By JEFFREY WESTHOFF – sidetracks@nwherald.com

Cohen's ‘Borat’ follow-up raunchy, downright funny

“Bruno” is Sacha Baron Cohen’s follow-up to “Borat,” which is too bad. If “Bruno” had come first it would have been better.

For one thing, Cohen couldn’t be accused of repeating himself. The movies use the same framework. Bruno, like Borat, is a dim European with an outrageous accent (German this time) naively wandering America. The character’s quest, Hollywood fame in this case, becomes a loose excuse to introduce a series of “Candid Camera”/“Punk’d” sketches where Cohen interacts with various unfortunate souls who believe Bruno is a real person.

Moreover, if “Bruno” hadn’t followed “Borat” Cohen and director Larry Charles wouldn’t try so energetically to top the original film’s outrageousness. “Borat’s” most notorious moment was the scene where two naked men wrestled in a hotel room and later the lobby. “Bruno” features more of the same. Much, much more. The first reel delivers a barrage of scandalous sexual humor and copious amounts of male nudity. The shock for the sake of shock grows tiresome by the final reel.

Yet “Bruno” has one crucial element “Borat” lacked, a satirical point of view. “Borat” was largely an exercise in humiliation, Cohen playing his interview subjects for fools whether they deserved it or not. In “Bruno” Cohen sets his sights on ideas behind the hapless interview subjects. Cohen isn’t consistent – at the halfway point he switches targets from the fatuousness of celebrity worship to homophobia and bigotry – but at least he makes a statement of greater import than “It’s easy to mock people who don’t recognize me from ‘Da Ali G Show.’”

As the film opens, Bruno is living in Vienna (“The coolest city in Austria.”) where he hosts a fashion show on national television. Soon (though not quite soon enough) Bruno loses his gig and decides to rebound by moving to Los Angeles and becoming Hollywood’s biggest gay superstar.

Bruno louses up an audition for the TV show “Medium,” and his celebrity interview show fails when he scares off Paula Abdul (though not before she sits on a Mexican gardener pressed into duty as her chair, whereupon Bruno asks her about her humanitarian work).
When traditional routes toward celebrity prove too difficult, Bruno tries to become famous the way Paris Hilton did, by making a sex tape. With Ron Paul. The following sequence gets a big laugh for Cohen’s audacity at luring the Conservative Republican into a hotel room, but mostly we share Paul’s embarrassment and can’t blame him for bolting when Cohen sheds his pants.

Other outlandish schemes follow. Bruno tries to bring peace to the Middle East by singing a “We Are the World” parody to Israelis and Palestinians who look like they would rather sign a treaty than listen to another verse. Finally, Bruno realizes he cannot be a movie star unless he is straight, so he places himself in the hands of a pair of actual ministers who call themselves “gay converters.”

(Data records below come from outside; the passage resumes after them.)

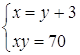 Ответ: длина – 300м., ширина – 200м. № 1 -Послушайте условие: «Одно из двух положительных чисел на 3 больше другого. Найдите эти числа, если их произведение равно 70?» -Пусть числа х и у. -Если известно, что одно больше на 3. Как запишем? (х=у+3) -Произведение чисел? (ху=70) -Составим систему:
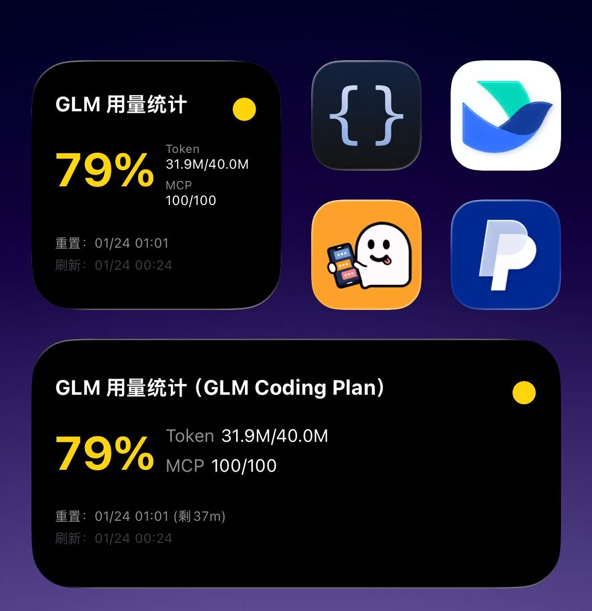 智谱 GLM Coding Plan 用量查询 - iOS小组件
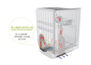 最重要的一點,有些洗碗機在洗完後,需將門打開等待乾燥,讓裡面的蒸氣散發或靠餘溫烘乾後,才能將碗盤放入櫥櫃裡,否則機內的熱氣無法釋出,造成碗盤濕答答不容易乾。如果不想把時間都花在長久的等待上,可用Turbo Drying烘乾技術的ASKO洗碗機,它在烘乾時會啟動抽氣風扇,將機內的熱氣抽入門內的冷凝管,水氣經冷凝後排出,因而達到良好的烘乾效果,而多出來的時間不但可做自己想做的事,也可多陪陪家人,一舉數得!
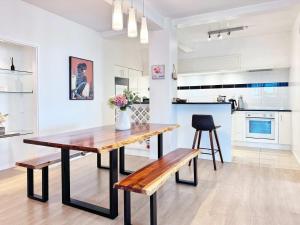 Prime CBD Stay provides a fully equipped kitchen that features an oven, stovetop, refrigerator, dishwasher, microwave, kettle for tea and coffee making as well as kitchenware and a dining table. The unit benefits from a private entrance for added privacy plus lift access in the building.
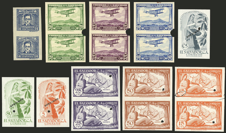 imperforate pairs, almost all with punch hole + 3 singles overprinted "SPECIMEN" and also with punch hole, excellent! (Image)
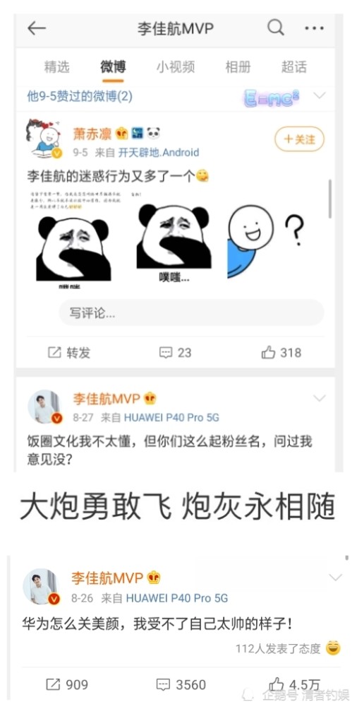 李佳航的日常也很逗,他会点赞cue自己的有趣的博文,还吐槽过自己的粉丝名:“饭圈文化我不太懂,但你们这么起粉丝名,问过我意见没?”在李佳琦的晒图中,可以看到粉丝亲切的喊他“大炮”,自称“炮灰”,想到小说中炮灰的设定,要笑死了!李佳航还自夸过颜值:“华为怎么关美颜,我受不了自己太帅的样子!”
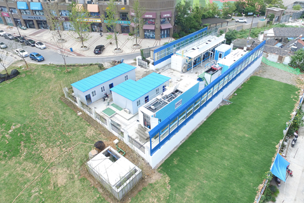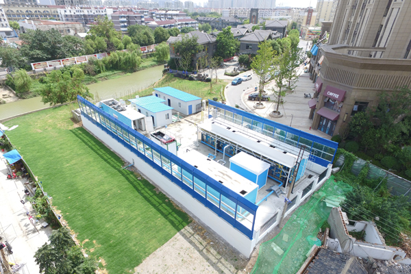 南京市浦口區(qū)南河流域凈水活水工程林公堤站點(diǎn),處理規(guī)模2000m3/d,采用我司研發(fā)的Rapid-Move黑臭水體旁路處理系統(tǒng)——“魔方磁+魔方尊”組合工藝產(chǎn)品,從城南河西支沿河污水井和場站西側(cè)污水排口取水,提升至場站處理凈化達(dá)標(biāo)后補(bǔ)水至上游西門橋處,作為河道補(bǔ)水水源。出水主要指標(biāo)達(dá)到《地表水環(huán)境質(zhì)量標(biāo)準(zhǔn)》(GB3838-2002)Ⅴ類水標(biāo)準(zhǔn),其中氨氮達(dá)到IV類水標(biāo)準(zhǔn)。
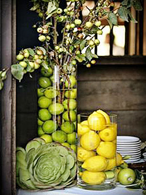...μπορούν να χρησιμοποιηθούν για τον σκοπό σας και να κοσμήσουν το χώρο της κουζίνας, αφού έχουν και αυτά έντονα χρώματα και μυρωδιές! Βάλτε τα φρέσκα μπαχαρικά και μυρωδικά σας σε βαζάκια και τα λεμόνια, τα πορτοκάλια, ή τα λάιμ σε μεγάλες γυάλες με νερό επάνω στο τραπέζι! Ο χώρος θα μεταμορφωθεί...

Here “Bruno” belatedly finds its purpose, with a character who is little more than an assemblage of gay stereotypes confronting a series of homophobes. Cohen’s bizarre approach exposes not only the ugliness of prejudice, but its ridiculousness.
As a way to deprogram himself, Bruno goes hunting with three rugged men. At a campfire he says, “Look at the four of us – we’re just like the ‘Sex and the City’ girls.”

“No we are not!” one hunter declares. Throughout the movie Cohen fearlessly taunts his subjects, but during this sequence you wonder if he’ll get himself shot. That raises the biggest problem I have with Cohen’s films. I find it impossible to watch them without wondering how much is staged and how many of the interviews are genuine. Once filming wrapped, I wonder how Universal’s legal team persuaded these people to sign release forms. Are Paula Abdul and Ron Paul exempt because they’re public figures? Do the bystanders not mind that they come across as morons, hypocrites and bigots as long as they’re paid to appear in a major motion picture? This is especially mind-boggling when you consider the participants at a swingers’ party who don’t hesitate to perform unconventional sex acts for the camera.

Which leads to the wildest thing about “Bruno,” that it got away with an R rating. At least a third of the movie is more explicit and raunchy than the few seconds that threatened Stanley Kubrick’s “Eyes Wide Shut” with an NC-17 rating. Maybe this, too, is part of Cohen’s satirical plan, to prove what a joke the American ratings system has become.